The prosecution accused Mr. Harkatyn of demanding and receiving a bribe. The law requires a 5 to 10 year prison sentence for such a crime. However, Maria Oleksiyenko, a district court judge, spotted no demands for a bribe in the case. According to her scenario, the driver offered the bribe voluntarily. As a result, Rostyslav was sentenced to a fine rather than a prison term. Judges at the Higher Specialized Court accepted the verdict.
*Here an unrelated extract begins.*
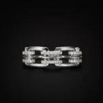•Gemstone Accents: The leading edge of the chevron is pavé-set with shimmering crystals for a refined glow.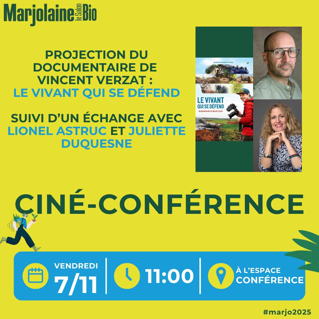 Vendredi 7 novembre 11 h à l’Espace Conférences Projection : « Le vivant qui se défend » – Vincent Verzat. Elle sera suivie d’un échange avec Lionel Astruc et Juliette Duquesne, animée par Françoise Vernet.

Some road police departments inflate their statistical reports to show how well they operate. They have nothing to fear, as judges approve of the process. One bold road inspector was acquitted by the Lviv Oblast Court of Appeals after compiling nine fake protocols for traffic violations by drivers he picked randomly out of a database of car owners. Yet, the judges ruled that no abuse of power had occurred. “The criminal case materials provide no proof of an offense,” the judges wrote in their verdict. “This undermined the respect for authorities, yet no proof was found that the act of forging caused significant damage to the rights, freedoms and interests of citizens or interests of the state.”
FRIENDS IN HIGH PLACES
The abovementioned cases represent only a small fraction of the reported abuses that signal that judges too often tend to issue probation terms rather than proper punishments.
Volodymyr Musiyevsky of the Pustomyty County Court released local police officer Oleksandr Rubtsov on probation after the court found him guilty of demanding and receiving a bribe in return for not assigning an probation officer to a convicted criminal.
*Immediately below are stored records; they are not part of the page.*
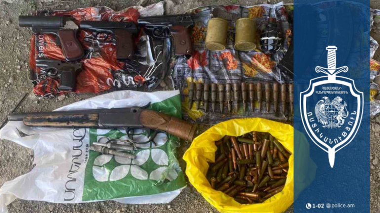 Մեկնած ոստիկանները ռեստորանի հետնամասում գտնվող կիսաքանդ շինությունում հայտնաբերել են տարբեր տեսակի, այդ թվում՝ «Մակարով» ատրճանակներ, հրացան, երեք նռնակ, նռնակի երկու պայթուցիչ, ինքնաձիգի պահեստատուփ, 195 փամփուշտ և գնդացրի փամփուշտների շղթա։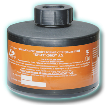 Фильтр Бриз-2003 А2Е1АХ предназначены для очистки вдыхаемого человеком воздуха от присутствующих в воздухе рабочей зоны паров и газов опасных органических соединений с температурой кипения не более 65°С, таких, как метан, этан, бутан, этилен, ацетилен и т.п.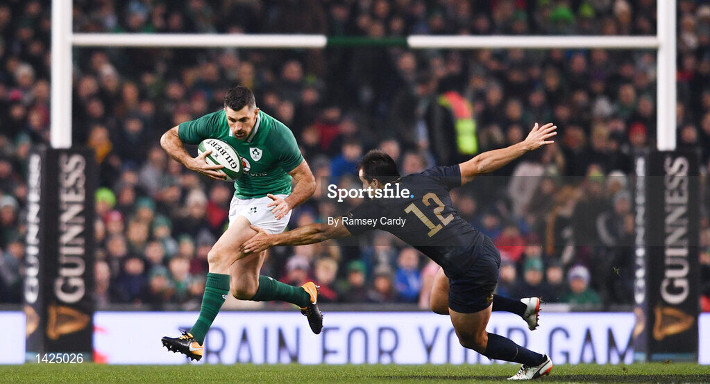 25 November 2017; Rob Kearney of Ireland is tackled by Santiago Gonzalez Iglesias of Argentina during the Guinness Series International match between Ireland and Argentina at the Aviva Stadium in Dublin. Photo by Ramsey Cardy/Sportsfile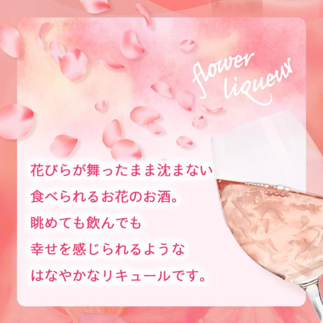 花びらが舞ったまま沈まない食べられるお花のお酒。眺めても飲んでも幸せを感じられるようなはなやかなリキュールです。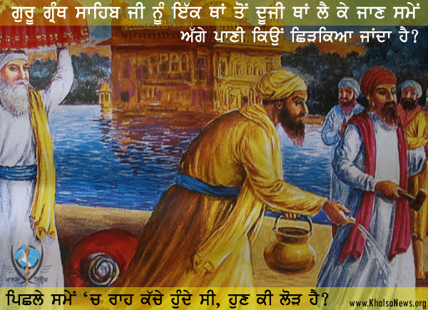 ਗੁਰੂ ਗ੍ਰੰਥ ਸਾਹਿਬ ਜੀ ਨੂੰ ਇੱਕ ਥਾਂ ਤੋਂ ਦੂਜੀ ਥਾਂ ਲੈ ਕੇ ਜਾਣ ਸਮੇਂ ਅੱਗੇ ਪਾਣੀ ਦੇ

Thanks to Judge Ihor Ptashynsky of the Sambir Court, an investigator who received a $5,000 bribe for shutting down a criminal case had his sentence reduced to a probation term. The prosecution provided proof that the investigator had abused his office, yet the judge qualified the bribery as fraud because the investigator had taken the bribe to shut down the case of another investigator. Judges often qualify serious crimes as lesser offenses, especially in bribery cases. Those tried for bribery often end up punished for mere fraud. By law, a police officer that accepts a bribe for a case he is personally assigned to qualifies as bribetaker, but if another police officer is in charge of the case, the offense is interpreted as fraud. The former offense entails 5 to 12 years in jail. If convicted of fraud, however, the offender may simply end up with a fine, community service or a short jail term. Therefore, officer Vasylenko takes bribes for officer Petrov’s cases, and vice versa. Such schemes allow the police to protect themselves from severe charges and long imprisonment if caught red-handed, and judges use this practice to interpret serious offenses as lesser ones.
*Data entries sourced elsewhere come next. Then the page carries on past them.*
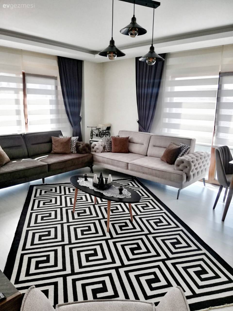 Bu alanda da rustik esintilere ağırlık veren Sibel Hanım, masif ahşaptan yapılmış orta sehpa ve tv ünitesiyle alanın cazibesine cazibe katmış.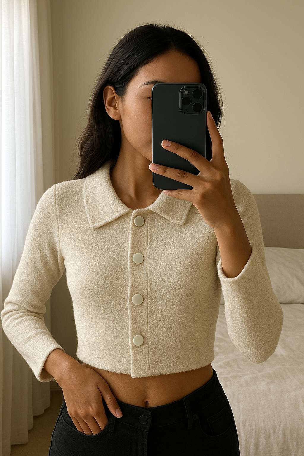 Une personne en Cardigan court claudie Pierlot ecru T34 cambrant légèrement le dos pour une pose dynamique, avec une silhouette fine, dans une chambre à la lumière douce, avec une lumière naturelle filtrant par la fenêtre.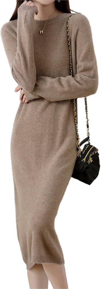 Sweater Dress Women's 100% Merino Wool O-Neck Long Raglan Sleeved Knitted Pullover Crewneck Tops in Kuwait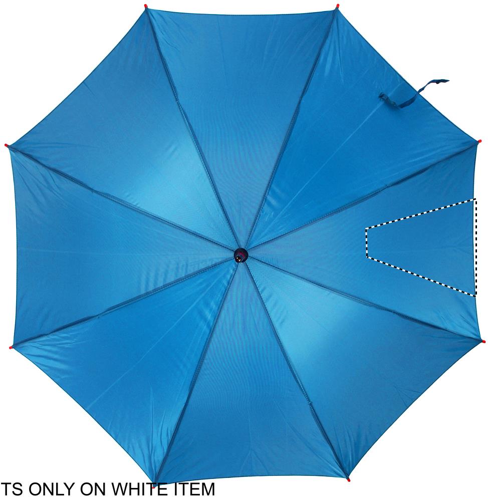 23 inch auto open umbrella in 190T polyester with wooden shaft, tips and top. Black plated metal ribs. Curved natural finish wooden handle.

For instance, Serhiy Boreyko, a judge at the Sykhiv District Court in Lviv, released officer Vasyl Pryshliak on probation after trying him for bribery. After a bank employee reported the receipt of a fake income statement from a loan applicant, Officer Pryshliak demanded a bribe from the suspect in exchange for preventing prosecution. As it often does, the court qualified the officer’s offense as fraud rather than bribery because he was not directly involved in the case.
By giving corrupt police officers probation and conditional sentences, judges have an adverse impact on the struggle against police corruption. The fired traitors in police uniforms are simply replaced by new ones while the beatings, bribery, illegal arrests and systematized “protection” continue to flourish.